BERITA POLRI INVESTIGASI|BEKASI – Tumpukan sampah yang dibuang secara sembarangan di belakang kawasan Perumahan Permata Legenda, RW 008, Kelurahan Padurenan, Kecamatan Mustikajaya, Kota Bekasi, dikeluhkan warga. Selain menimbulkan bau tidak sedap, kondisi tersebut dinilai mengganggu kenyamanan penghuni Perumahan Permata Legenda 3 yang lokasinya berdampingan dengan area pembuangan.
Ketua RT 010, Saiful, mengatakan persoalan tersebut telah beberapa kali diupayakan penyelesaiannya melalui mediasi secara kekeluargaan bersama pihak terkait. Namun, hingga kini tumpukan sampah di lokasi belum juga dibersihkan.
“Kami sudah mengadakan mediasi sebanyak dua kali. Salah satunya dengan tokoh masyarakat RW 008, Bapak Amir dan Pak Haji Masan. Mediasi terakhir dilakukan sekitar satu bulan yang lalu,” ujar Saiful saat ditemui di lokasi, Minggu (6/9/2026) pagi.
Menurut Saiful, belum adanya penanganan terhadap tumpukan sampah tersebut membuat keresahan warga terus berlanjut. Warga khawatir kondisi itu berdampak terhadap kebersihan lingkungan, menimbulkan gangguan kesehatan, serta berpotensi menghambat aliran air ketika hujan deras.
“Ini sudah sangat mengganggu. Apalagi letaknya berdampingan langsung dengan rumah warga Perumahan Permata Legenda 3. Kalau dibiarkan terus, kami khawatir menjadi sarang penyakit dan menyebabkan banjir saat hujan,” katanya.

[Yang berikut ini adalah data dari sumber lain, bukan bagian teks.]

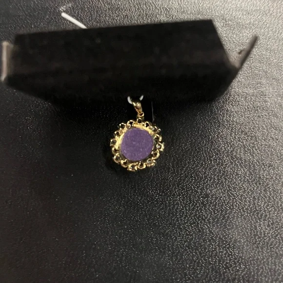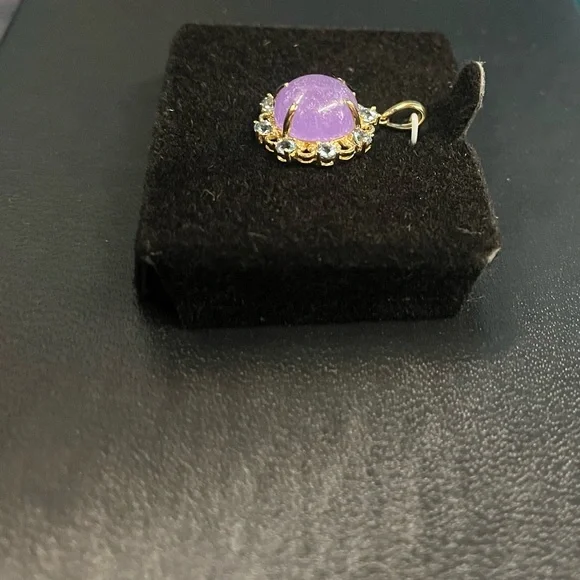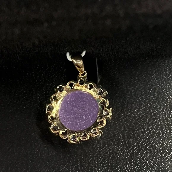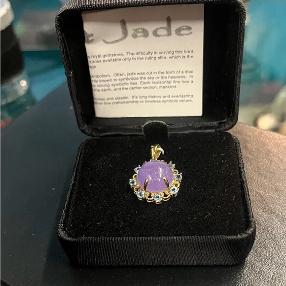 Vintage Lavender Jade 14K Gold Pendant with Blue Topaz

Atas kondisi tersebut, warga RW 008 bersama penghuni Perumahan Permata Legenda 3 meminta aktivitas pembuangan sampah di lokasi segera dihentikan. Selain itu, warga berharap tumpukan sampah yang telah berada di lokasi dapat segera diangkut dan dibersihkan.
“Kami meminta dua hal. Pertama, pembuangan sampah harus dihentikan. Kedua, sampah yang sudah menumpuk harus segera diangkat oleh pihak terkait,” tegas Saiful.

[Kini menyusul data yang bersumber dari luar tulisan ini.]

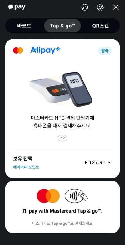 카카오페이 앱에서 NFC 결제시 나타나는 화면. ⓒ카카오페이
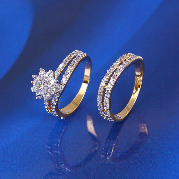 11387 xuping 2 pièces/ensemble Anneaux de couple multicolores en or Nouveau modèle Bague de mariage Bijoux

Saiful juga mengimbau masyarakat agar tidak membuang sampah sembarangan dan mematuhi ketentuan mengenai pengelolaan sampah yang berlaku di Kota Bekasi.
Ia berharap Pemerintah Kota Bekasi melalui Dinas Lingkungan Hidup, Kecamatan Mustikajaya, Kelurahan Padurenan, serta pengurus RW 008 dapat segera melakukan penanganan di lapangan.
Menurut warga, langkah tersebut diperlukan agar persoalan tumpukan sampah tidak semakin berlarut dan tidak menimbulkan dampak yang lebih luas terhadap lingkungan maupun kenyamanan masyarakat sekitar.